«L’année passée a été extrêmement inhabituelle, surtout quand on la compare aux dernières décennies, voire aux derniers siècles écoulés», analyse sans détour Carlo Buontempo, directeur du service de Copernicus chargé du changement climatique. L’année fut particulièrement contrastée et marquée par les événements extrêmes, résume le rapport sur l’État du climat en Europe en 2023, publié conjointement par Copernicus et l’OMM ce lundi. «L’Europe a connu le plus grand feu de forêt jamais enregistré, l’une des années les plus humides, de graves vagues de chaleur marine et des inondations dévastatrices généralisées», récapitule Carlo Buontempo. Pour autant, l’année passée est restée dans le cadre des projections réalisées par les scientifiques — même si elle correspondait plutôt à la fourchette haute qu’à la moyenne de ces estimations.
Un continent en surchauffe
2023 est la première ou la seconde année (selon les méthodologies et bases de données utilisées) la plus torride jamais mesurée sur le Vieux continent. La température moyenne fut d’environ 2,5°C au-dessus des niveaux préindustriels (moitié du 19ème siècle). Les trois années les plus chaudes enregistrées l’ont toutes été depuis 2020.
Autre élément marquant : on n’avait jamais compté autant de jours de «stress thermique extrême», soit une température ressentie de plus de 46°C, qu’en 2023. Cet indicateur mesure la réaction du corps humain à l’impact des fortes températures, en prenant en compte d’autres facteurs tels que l’humidité ou la vitesse du vent. Plusieurs régions du sud de l’Europe (en Espagne, Italie, France, Grèce et Turquie) ont connu jusqu’à dix jours de «stress thermique extrême», tandis que 80 jours ont représenté une situation de stress thermique «très élevé» (un ressenti entre 38°C et 46°C). «Une exposition prolongée au stress thermique peut exacerber les problèmes de santé existants et augmenter le risque de maladies liées à la chaleur», avertit le rapport.
Des océans bouillonnants
Comme dans le monde entier, les mers et océans européens ont connu des conditions extrêmes tout au long de l’année. Leur température moyenne fut la plus chaude jamais mesurée en 2023. En juin, une vague de chaleur marine qualifiée d’«extrême», voire de «plus qu’extrême» dans certaines régions, a touché l’océan Atlantique autour de l’Irlande et du Royaume-Uni, avec des températures de surface dépassant de 5°C la moyenne.
Des glaciers assoiffés
L’Europe a reçu moins de neige qu’en temps normal. Combiné à plusieurs vagues de chaleur, ce phénomène a entraîné «une nouvelle année de fonte exceptionnelle des glaciers» dans les Alpes. Ceux-ci ont perdu environ 10% de leur volume restant au cours des années 2022 et 2023.
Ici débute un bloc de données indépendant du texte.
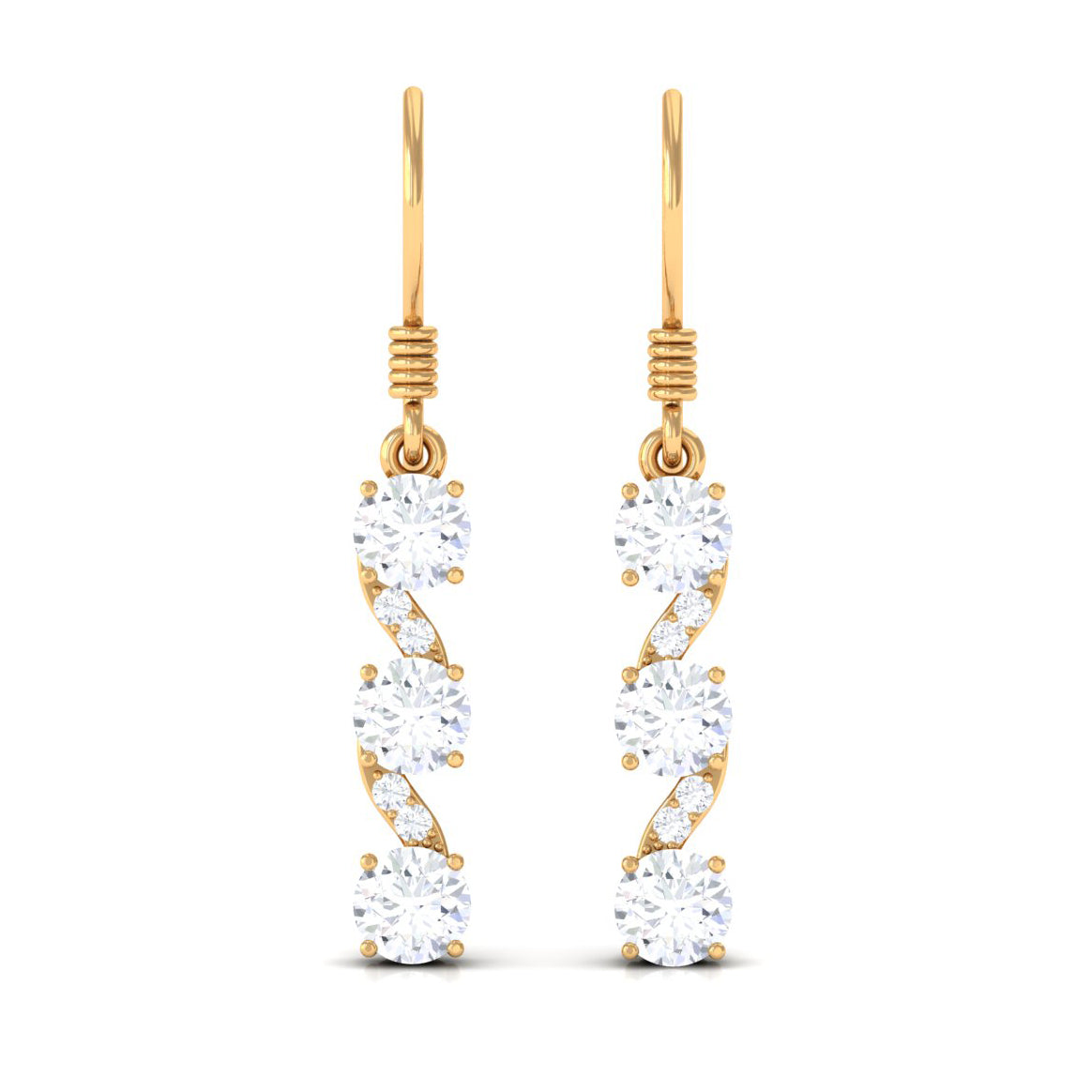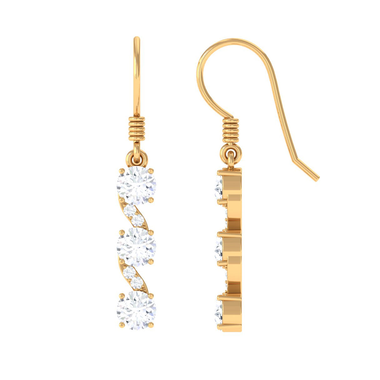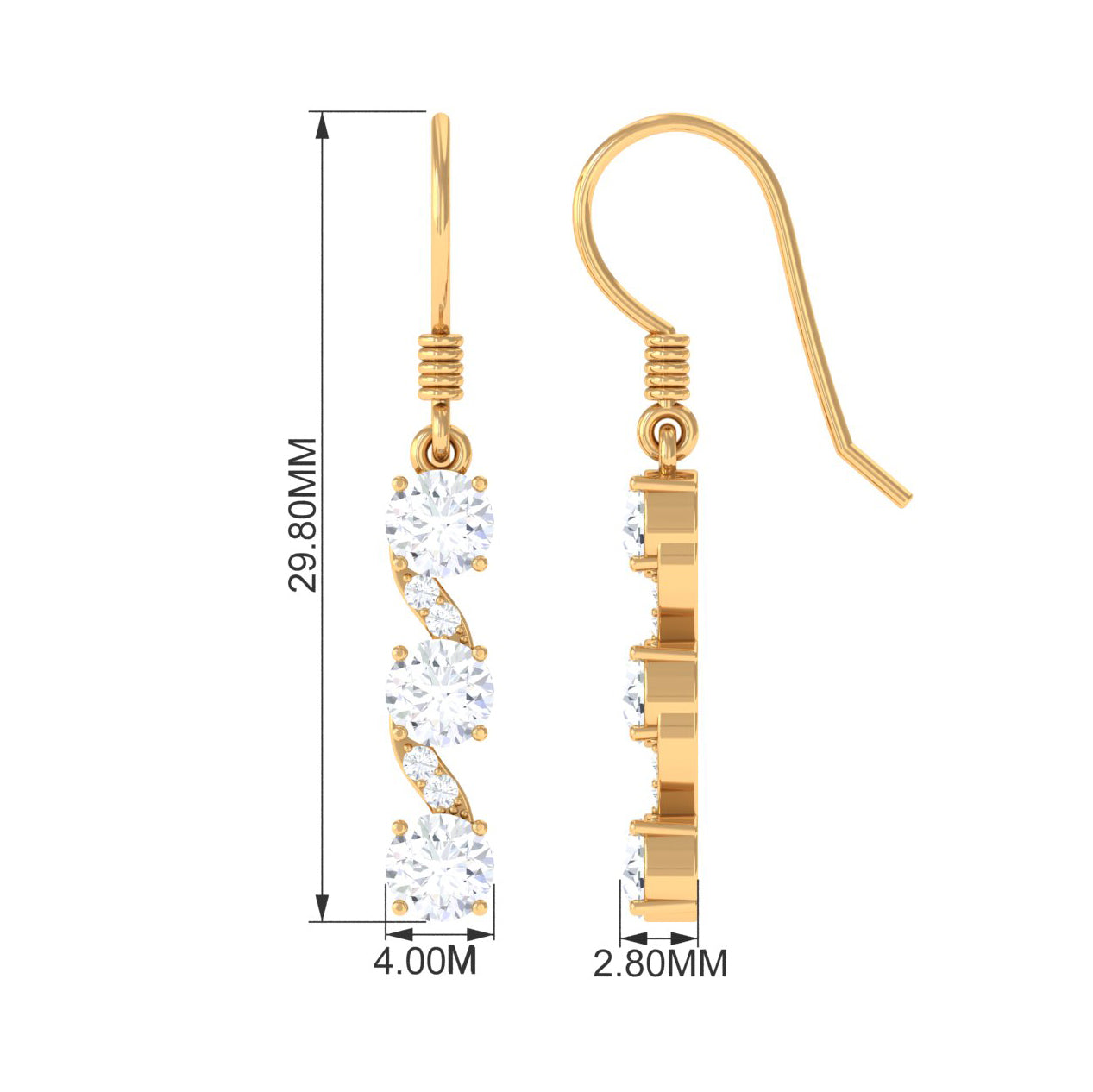 Elevate your style with round Moissanite three stone dangle drop earrings. A captivating design that combines sophistication and brilliance.
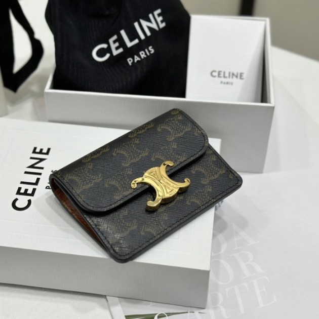셀린느 샤이니 플랩 카드 지갑 트리옹프 캔버스 & 카프스킨 101582

Des événements extrêmes à la pelle
Malgré une forte sécheresse dans la première partie de l’année, l’Europe a aussi été noyée sous des pluies abondantes. 2023 fut l’une de ses années les plus mouillées, avec 7% de précipitations de plus que la moyenne des 30 dernières années.
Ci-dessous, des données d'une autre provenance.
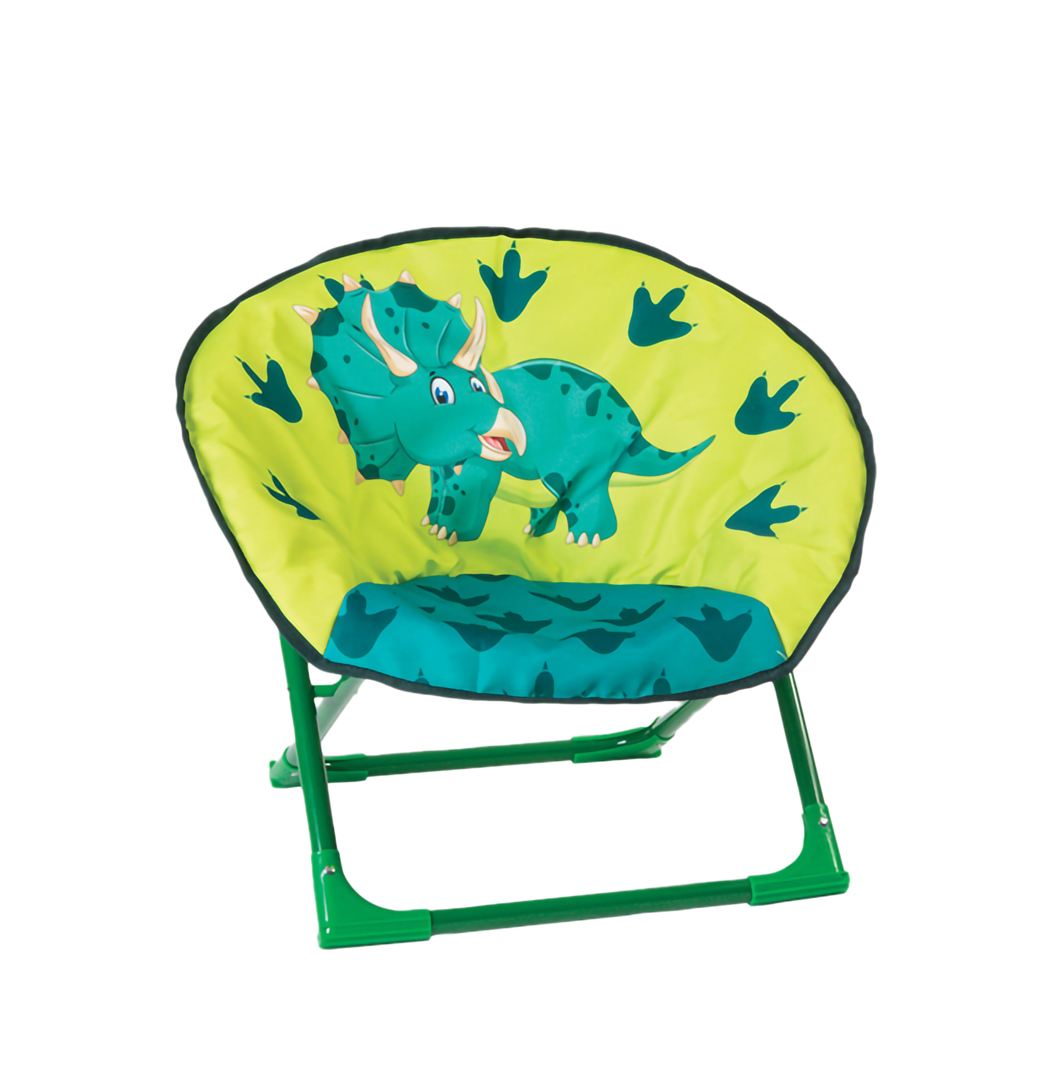 A fun, child-sized moon chair featuring a playful green dinosaur design and a matching powder-coated steel frame. The frame folds in and out in seconds and includes a built-in safety lock to keep it securely in place. Perfect for young campers, this chair combines comfort, convenience, and plenty of character.
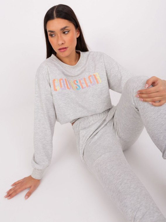 Czarny bawełniany komplet z bluzą z kolorowym napisem .
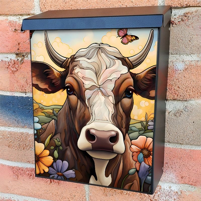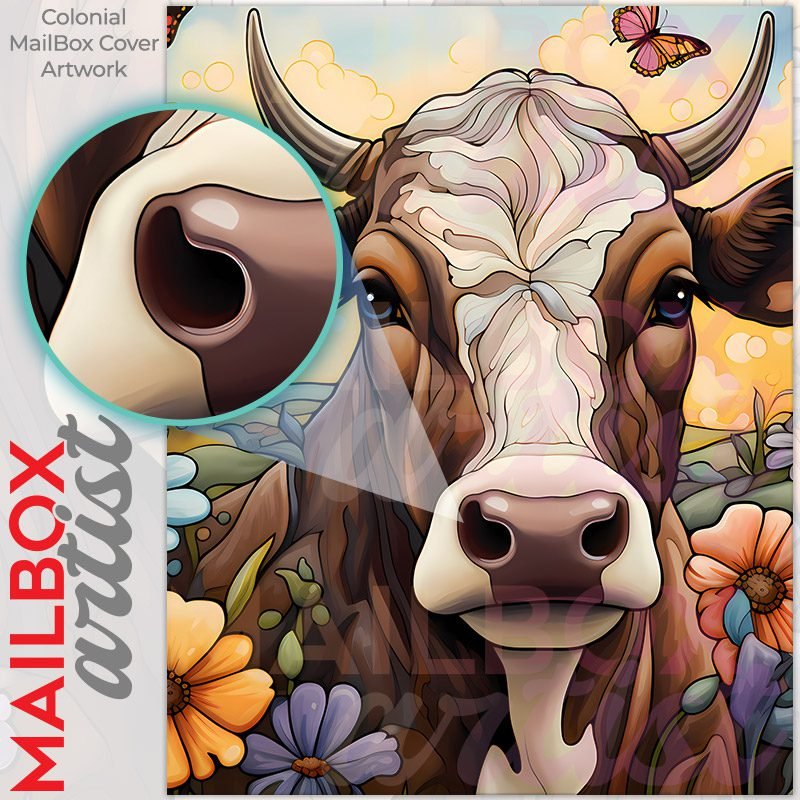 With this Beautiful Cow and Flowers #3 colonial mailbox cover it’s pretty easy to convert your mailbox to a special and unique item. These covers require a flat surface, so they work with colonial mailboxes that do not have any embossed decoration or signs. Magnetic mailbox covers work with steel colonial boxes only, while self-adhesive vinyl covers are available for aluminum, plastic and steel boxes. We also offer both self-adhesive and magnetic covers with regular opaque white vinyl or reflective vinyl, which works similarly to license plates or road signs. The reflective option makes the entire cover’s surface reflective, ensuring visibility at night. In case your mailbox doesn’t work with these covers, you can purchase the preinstalled cover on a brand new mailbox as well. Also, you can create your custom colonial mailbox cover using you own pictures, adding your name, street number, etc.
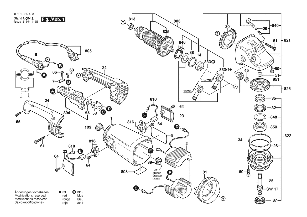Zeichnung Sollten Sie Fragen zu einem Ersatzteil vom Bosch Winkelschleifer GWS 26-180 H | 230 V | 001 - EU (0 601 855 493) haben, können Sie uns gerne eine E-Mail (mit einem Foto vom Typenschild Ihres Gerätes) schreiben oder eine Ersatzteilanfrage stellen.
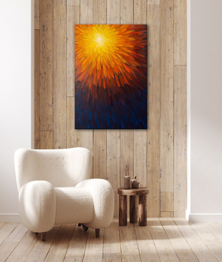 Original art using acrylics on repurposed stretched canvas, protected with UV-resistant non-removable archival gloss varnish.
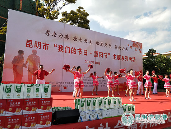 本次活动在一场精彩的舞狮表演中开始,学生志愿者们先后带来了精彩的小品、舞蹈、歌唱及诗朗诵表演,同学们用天真的笑脸和欢快的舞蹈感染着现场的每一位老人。昆明本地的歌唱家们也登台献唱,用歌声给老人们送上祝福。
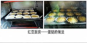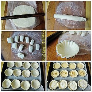 飞饼皮稍化冻,两张相叠上面放上薄膜擀至一下。再卷成长条。切成小块。取一块擀成圆皮放入塔模中按紧。依次全部做好。舀入挞水至8分满,可添加一些香蕉粒,或者喜欢的任何水果。
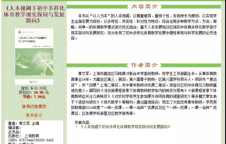 在本次集中学习期间,基地学员、上海市嘉定区马陆育才联合中学的章文军老师还向大家赠送了自己出版的最新著作《人本视阈下初中多样化体育教学现实探问与发展路向》。该著作也是章文军老师在基地学习期间完成的成果之一,很好地展示了基地学员的综合实力。
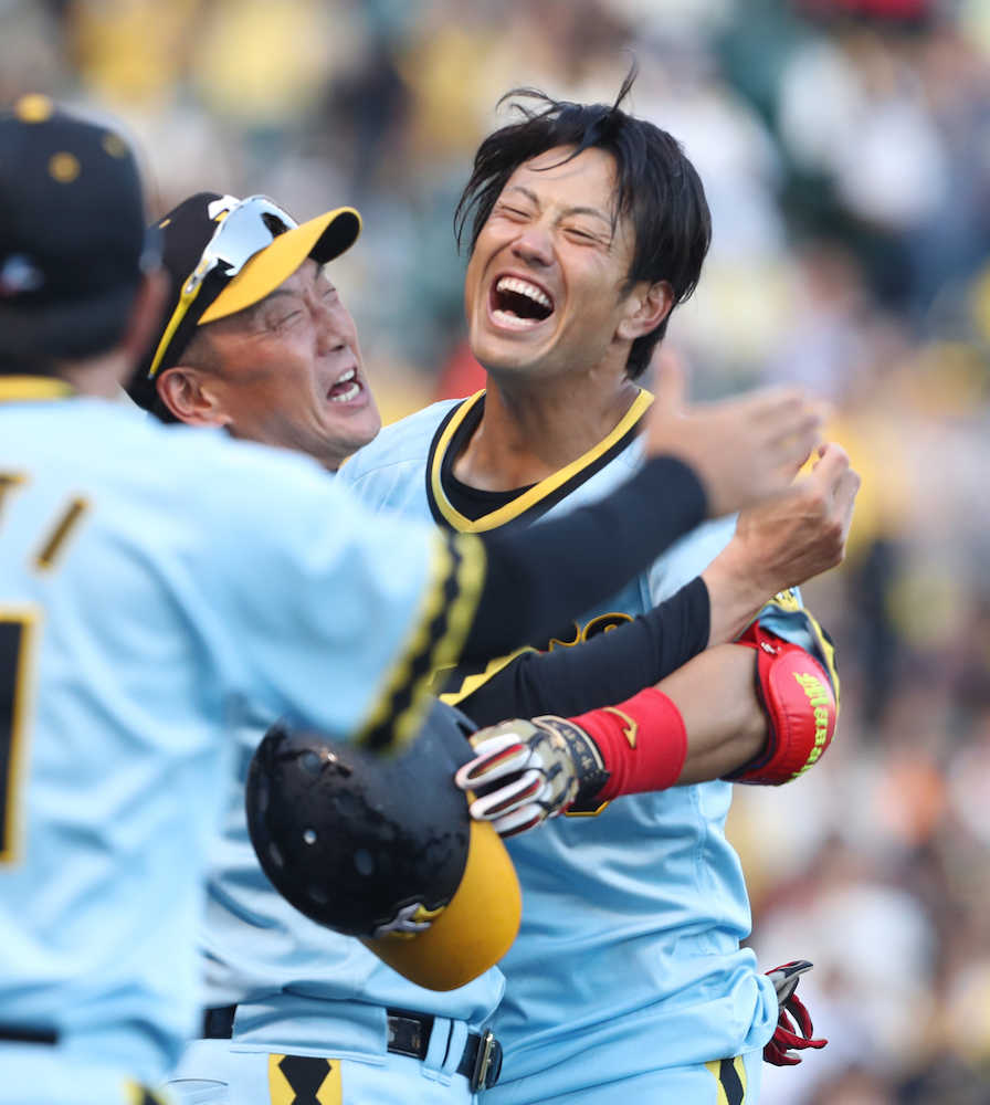 沢村の直球を引っ張った打球は三遊間を抜き、サヨナラ打に。「打った感触はそこまでよくなかったですけど、抜けてくれて、糸原がよく

De nombreux pays européens, dont l’Italie, la Slovénie, la France, la Grèce ou la Suède, ont subi de sévères inondations au cours de l’année. Une série de tempêtes se sont également abattues sur l’ouest du continent à l’automne 2023, contribuant à des inondations d’ampleur. Plus de deux millions d’Européen·es ont été touché·es par ces événements (1,6 million pour les inondations et 550 000 pour les tempêtes) et un peu plus d’une centaine y ont perdu la vie.
À lire aussi
L’été a été marqué par de vastes incendies dans le sud de l’Europe. 96 000 hectares ont notamment brûlé en Grèce, dans le plus gros feu de forêt jamais recensé en Europe — c’est deux fois la superficie de la ville d’Athènes. Au total, 500 000 hectares sont partis en fumée dans le continent, soit l’équivalent des villes de Paris, Londres et Berlin. Les incendies ont fait 44 victimes et affecté quelque 36 000 personnes.
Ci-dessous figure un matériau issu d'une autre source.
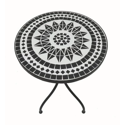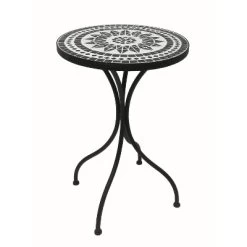 Update your outdoor space with the high-contrast black and white design of this mosaic tile side table. Perfect for the patio or deck, this petite table provides a central flower medallion with three concentric rings hat create a stylish border. The table sits on an iron pedestal base with graceful curves for a modern look and feel. Add a small flower pot or serve refreshments to friends and family. This side table measures 14 inches wide x 14 inches deep x 21 inches high. Saint Birch’s mission is to help everyone create a better home, where one can find affordable style and comfort. We strive to ensure every customer’s experience with our products is warm, worry-free, and comfortable.
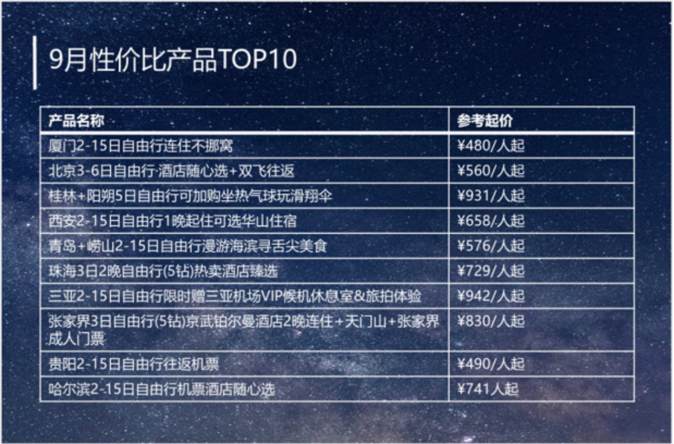 9月份去哪玩更划算?从自由行产品大数据看,“9月国内游十大最具性价比线路”包括国内的厦门、张家界、哈尔滨、西安、青岛+崂山、三亚、桂林+阳朔、北京、贵阳、珠海。记者通过app查询发现,携程推出包含这些目的地在内的热门线路往返机票+酒店打包自由行产品,最低价大都在600至700多元。比如,9月22日武汉出发前往厦门和鼓浪屿的3-15日自由行产品,最低价格为683元/人,9月16日和19日最低为七百多元。武汉出发前往广州的2-15日自由行,9月11日最低价格为657元/人。而9月15日从武汉出发到北京的2-15日自由行,最低价格仅为569元/人。
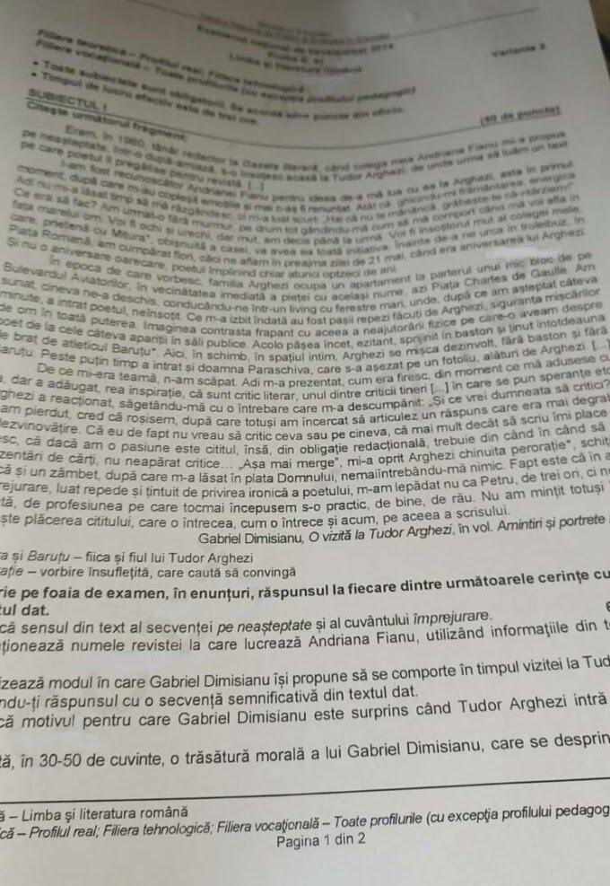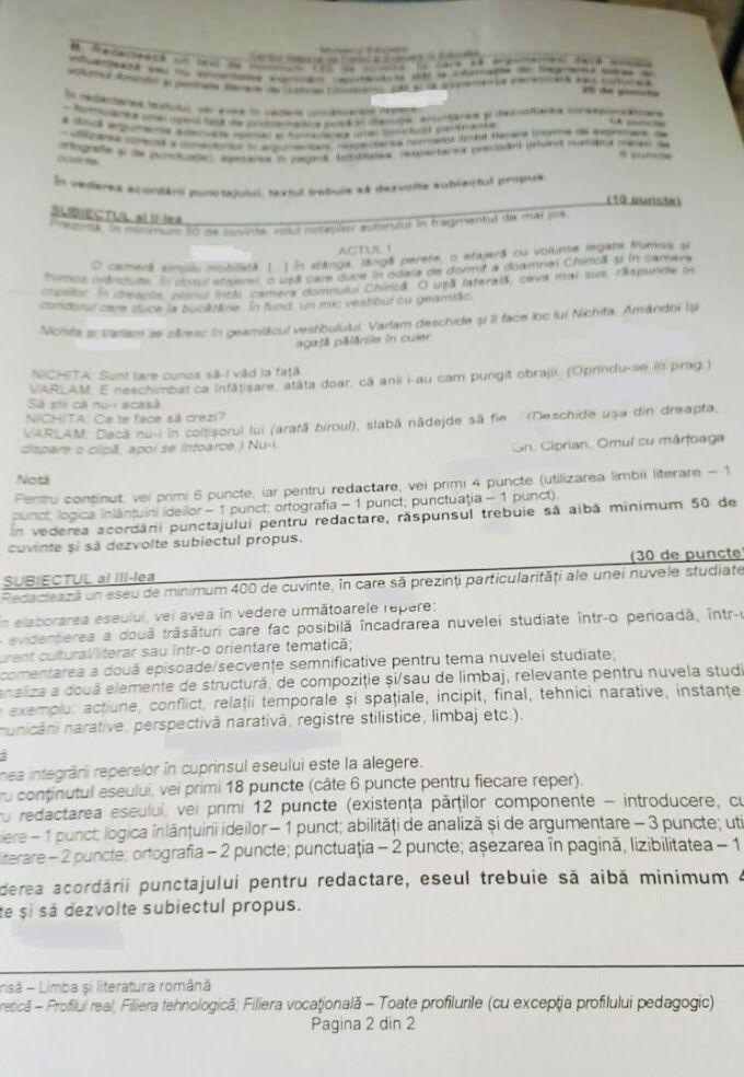 La subiectul al III-lea, proba scrisă la română, sesiunea de vară, elevii au avut de scris un eseu de minimum 400 de cuvinte despre particularitățile unei nuvele studiate. La Subiectul I, candidaţii au primit un text de Gabriel Dimisianu, pe baza căruia au avut de rezolvat mai multe cerințe. Apoi, la cel de-al doilea subiect, elevii au avut de prezentat rolul notațiilor autorului într-un text dat.

Un essor des renouvelables
En 2023, 43% de l’électricité produite en Europe l’a été à partir de sources d’énergie renouvelables — c’est aussi un record. «Pour la deuxième année d’affilée, la génération d’électricité à partir d’énergies renouvelables a dépassé la production liée à des combustibles fossiles polluants», souligne Rebecca Emerton, chercheuse au sein du service changement climatique de Copernicus. Un essor que l’on doit en partie aux événements climatiques extrêmes : la série de tempêtes a boosté le potentiel de production des éoliennes, tandis que les importantes précipitations ont favorisé l’énergie hydroélectrique. Enfin, l’ensoleillement a fait grimper le potentiel photovoltaïque dans le sud du continent et en Scandinavie.
Des records sans fin
Le rapport s’étire comme une série infinie de records en tous genres. Sommes-nous pour autant entré·es dans une ère de constants jamais-vu ? «Eh bien oui, les données montrent que l’on continue de battre des records tout le temps, répond à Vert Samantha Burgess, directrice adjointe du service de Copernicus chargé du climat. Tant que nous aurons des concentrations de gaz à effet de serre records, nous continuerons à vivre des événements extrêmes, qui deviendront de plus en plus fréquents et intenses». Les gaz à effet de serre sont principalement dus aux activités humaines, alimentées par la combustion d’énergies fossiles (pétrole, charbon et gaz), et sont responsables de l’emballement du climat.
Des conséquences pour la santé de plus en plus graves
«Le changement climatique est la plus grande menace sanitaire pour l’humanité», juge l’Organisation mondiale de la Santé (OMS). Les impacts sont multiples : il peut s’agir de pathologies liées à des événements extrêmes comme des vagues de chaleur (coup de chaleur), ou des inondations (contamination de l’eau par des bactéries), ou à l’apparition de zoonoses (maladies infectieuses transmises par des animaux aux humains, qui se multiplient avec le dérèglement du climat) — sans oublier des troubles mentaux liés à des conditions climatiques de plus en plus difficiles à supporter. On note d’autres effets indirects dus à la dégradation de la qualité de l’air, la sécurité alimentaire et l’accès à l’eau.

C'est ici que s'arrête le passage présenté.